● WHAT IS EXPECTED
Excluding pictures, what does the listing below contain from the line with "В призах будет" up to and including the line with "STENNIS SPACE CENTER, Miss.—For", word for word?

● RECORDS PROVIDED
==============================

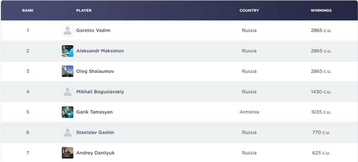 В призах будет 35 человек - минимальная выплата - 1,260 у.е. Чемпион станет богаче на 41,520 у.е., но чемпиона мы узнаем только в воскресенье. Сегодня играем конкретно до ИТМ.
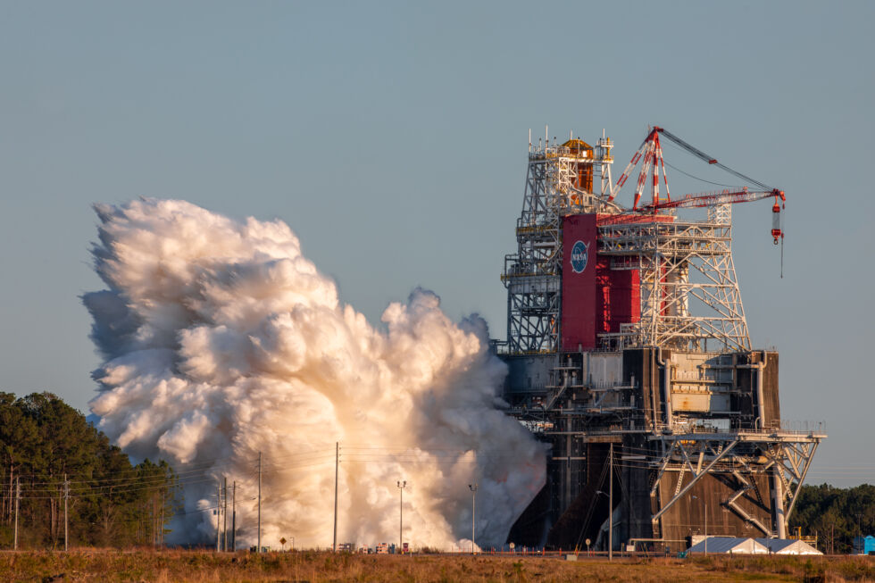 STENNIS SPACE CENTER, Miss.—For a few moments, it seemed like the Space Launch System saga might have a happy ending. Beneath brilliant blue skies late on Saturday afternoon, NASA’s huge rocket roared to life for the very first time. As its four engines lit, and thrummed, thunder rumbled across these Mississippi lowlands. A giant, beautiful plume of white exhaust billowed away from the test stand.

==============================

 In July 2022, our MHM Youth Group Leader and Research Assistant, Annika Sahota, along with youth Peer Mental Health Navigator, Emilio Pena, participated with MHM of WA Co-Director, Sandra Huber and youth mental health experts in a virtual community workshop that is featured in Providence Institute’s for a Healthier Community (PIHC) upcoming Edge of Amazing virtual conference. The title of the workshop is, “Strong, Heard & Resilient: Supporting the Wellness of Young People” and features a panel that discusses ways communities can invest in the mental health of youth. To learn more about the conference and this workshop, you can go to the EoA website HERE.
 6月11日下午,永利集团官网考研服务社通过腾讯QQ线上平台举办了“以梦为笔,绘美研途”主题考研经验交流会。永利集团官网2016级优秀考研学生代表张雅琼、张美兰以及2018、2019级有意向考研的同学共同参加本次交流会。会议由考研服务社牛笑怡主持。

==============================

● SOLUTION TO THIS TASK
 В призах будет 35 человек - минимальная выплата - 1,260 у.е. Чемпион станет богаче на 41,520 у.е., но чемпиона мы узнаем только в воскресенье. Сегодня играем конкретно до ИТМ.
 STENNIS SPACE CENTER, Miss.—For a few moments, it seemed like the Space Launch System saga might have a happy ending. Beneath brilliant blue skies late on Saturday afternoon, NASA’s huge rocket roared to life for the very first time. As its four engines lit, and thrummed, thunder rumbled across these Mississippi lowlands. A giant, beautiful plume of white exhaust billowed away from the test stand.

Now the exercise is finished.